REQUIREMENT: Every line from the one containing "of slightly domed" through the end of the listing below goes in the output, exactly and without pictures.

DATA PROVIDED:
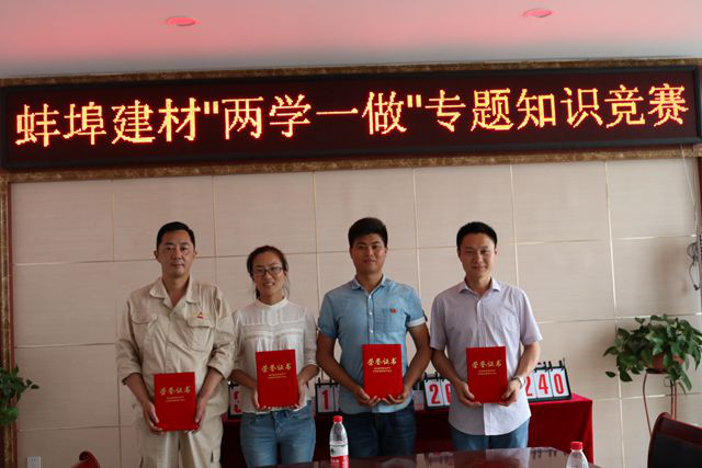 2016年6月20日下午,安徽建工集團(tuán)蚌埠建材有限公司舉辦“兩學(xué)一做”專(zhuān)題知識(shí)競(jìng)賽活動(dòng)。本次競(jìng)賽分“個(gè)人風(fēng)采”、“快速搶答”、“放手一搏”三個(gè)環(huán)節(jié),生產(chǎn)、營(yíng)銷(xiāo)、核算、質(zhì)量等部門(mén)16名代表組成四支代表隊(duì)積極參賽。
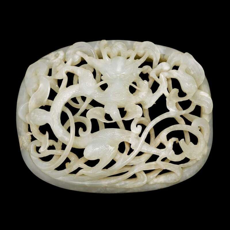 of slightly domed surface, sculpted and hollowed to show a menacing dragon among scrolling lotus vines, jade of translucent white with spots of milky inclusions.
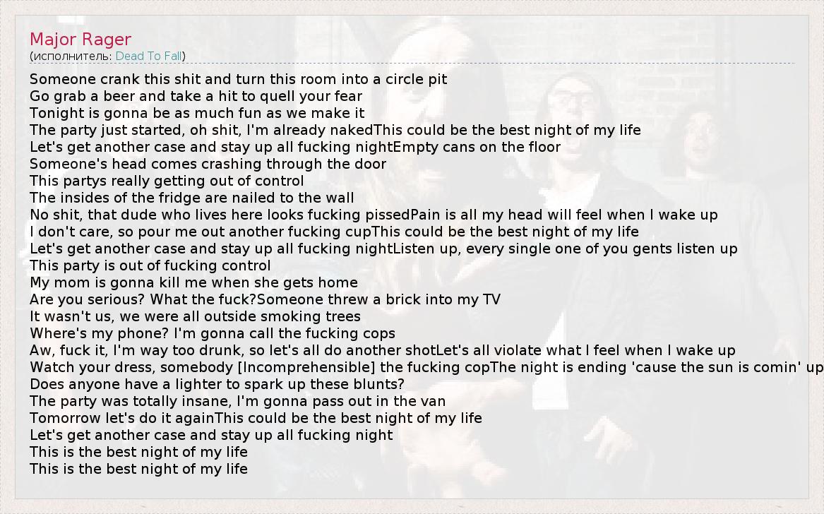А как ты думаешь, о чем песня "Major Rager" ?

TASK OUTPUT:
 of slightly domed surface, sculpted and hollowed to show a menacing dragon among scrolling lotus vines, jade of translucent white with spots of milky inclusions.
А как ты думаешь, о чем песня "Major Rager" ?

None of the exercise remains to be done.